Except, your explanation of the question in the OP actually reinforces the structural problem I identified in this post. You now explicitly frame the millennium as something that must advance, further, or add to “the consummation of God’s plan of redemption” in order to be theologically legitimate. But you still have not established that “redemptive contribution” is the correct or exclusive standard by which the millennium must be evaluated. You are assuming the very criterion that needs to be proven. That is the same structural defect I pointed out originally, now stated even more clearly. Basically, you are still treating the millennium as either (1) redemptively progressive or (2) theologically unnecessary. But Scripture never requires every stage of God’s plan to be Soteriologically additive. The millennium can be covenantal, judicial, doxological, and kingdom‑oriented without being a new redemptive mechanism. Your framing forces a dichotomy that Scripture does not impose to begin with.
At this stage we are just dealing with the logical fallacy accusations lodged against me according to rule 4.4 that I am required to acknowledge or prove no fallacies were commmitted, and not with the content of what you have said. When we get done with this, I will go back and do that.

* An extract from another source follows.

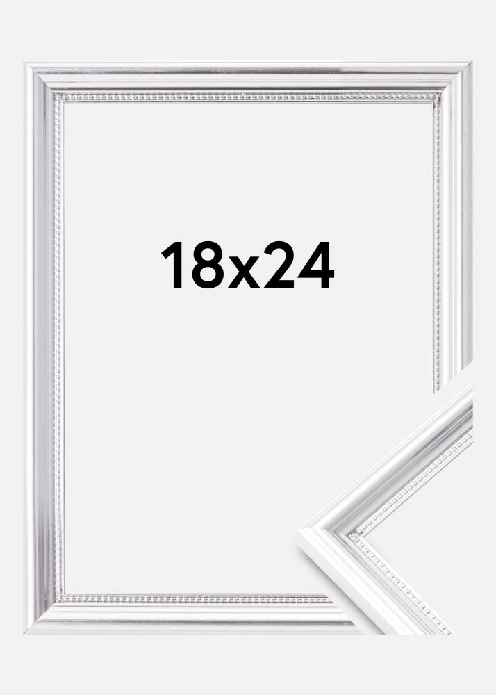 Ge dina bilder en touch av elegans med denna silverfärgade fotoram i storleken 18x24 cm. Den profilerade ramen i retrostil ger en klassisk känsla samtidigt som den blanka ytan tillför en modern lyster till ditt hem. Med en ramlist som mäter 20 mm i bredd och ett djup på 17 mm, skapar denna tavelram en distinkt och stilfull inramning av dina favoritfotografier eller konstverk.

Agreed. As for now, we are currently in a procedural dispute, not a biblical one. Because you placed yourself and appealed to a rule‑based, fallacy‑analysis mode (rule 4.4). And I will not address any else until this is resolved. To proceed forwards from rule 4.4 would only accuse me of changing the subject, dodging the fallacy charge, and moving to content before resolving the fallacy issue. After all, even yourself, issued a warning you will not proceed until the fallacy dispute is resolved.